For more than two years, President Barack Obama was hounded by a whisper campaign that he wasn't actually born in the United States.
That whisper got stronger as conspiracy theorists nicknamed "birthers" claimed Obama was actually born in Kenya, despite all the evidence that he was born in Hawaii.
Obama made a common-sense decision not to waste time and energy on a silly rumor. The birthers got tangled in knots, contradicting each other and grasping at supposed evidence that included a birth certificate that was supposed to be from Kenya that was clearly an amateur forgery.
It's hard to combat rumors and whisper campaigns like this. Obama did everything right by not treating the issue as if it were a real controversy. Running ads during the campaign would have seemed defensive and weak. Letting the press squash the birther rumors was the right approach.
And the mainstream media did it's job of fact-checking, running investigation after investigation that all came back with the same easy conclusion: Obama was born in Hawaii.
This press strategy worked until the Republican presidential campaign started gearing up in 2011 and FOX News, which had largely ignored the birther story, started running piece after piece about it.
Birtherism went a bit mainstream when Republican presidential hopefuls like Sarah Palin realized they could score points with the right-wing base by hinting at the birther issue.
Despite all the evidence that Obama was clearly born in Hawaii, roughly 25 percent of Americans, and 45 percent of Republicans, said they believed Obama was born in another country, according to a poll by The New York Times and CBS News.
Real estate developer Donald Trump didn't hint at birtherism, or flirt with it. When he started talking about running for president, he gave birtherism a huge bear hug. Combined with his national name identification, his birther position resonated with the hard-core Republicans who vote in primaries and caucuses and vaulted him to the top of the polls.
Now, there are three kinds of debates:
- debates about the past, about facts and blame
- debates about the present, dealing in values and opinions
- debates about the future, weighing costs versus benefits
Where exactly Obama was born is a debate about the past, about facts. There's no gray area. It's black or white.

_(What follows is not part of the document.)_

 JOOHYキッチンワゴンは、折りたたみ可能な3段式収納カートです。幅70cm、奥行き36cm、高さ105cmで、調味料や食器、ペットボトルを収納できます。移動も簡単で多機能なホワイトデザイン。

Trump and the birthers did put pressure on Obama, with the rising number of voters telling pollsters they had doubts about whether Obama was born in America.

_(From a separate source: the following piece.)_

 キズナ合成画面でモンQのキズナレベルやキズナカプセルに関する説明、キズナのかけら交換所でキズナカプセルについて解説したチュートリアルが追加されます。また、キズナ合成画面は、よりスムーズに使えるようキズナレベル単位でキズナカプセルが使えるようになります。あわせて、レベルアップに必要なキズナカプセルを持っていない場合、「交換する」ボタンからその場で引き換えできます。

But the birthers also painted themselves in a corner by going all-in with the birth certificate claims. Obama had released the official certificate of live birth, a legal document. Birthers kept demanding his full, long-form birth certificate, which is not typically released.
The longer the controversy went on, the more Republican presidential hopefuls like Palin and Trump felt free to pile on with additional whispers. If this long-form birth certificate does exist, why doesn't Obama release it? Birthers touted a statement by a low-level clerk in Hawaii claiming the long-form certificate didn't exist.
They speculated that maybe there was something on the form Obama didn't want anyone to see -- maybe his religion was listed as "Muslim."
The same day s Trump landing in New Hampshire, one of the key early states for the Republican race, Obama put a stake through the heart of birthers.
His personal attorney flew to Hawaii and got copies of his long-form birth certificate.
Then, instead of simply posting it on his website, he talked about it at a press conference, saying, "We do not have time for this kind of silliness."
Obama said that America, and the world, had other important things to do.
The president made Trump and the birthers -- who had banked on Obama never producing the long-form birth certificate -- look quite silly.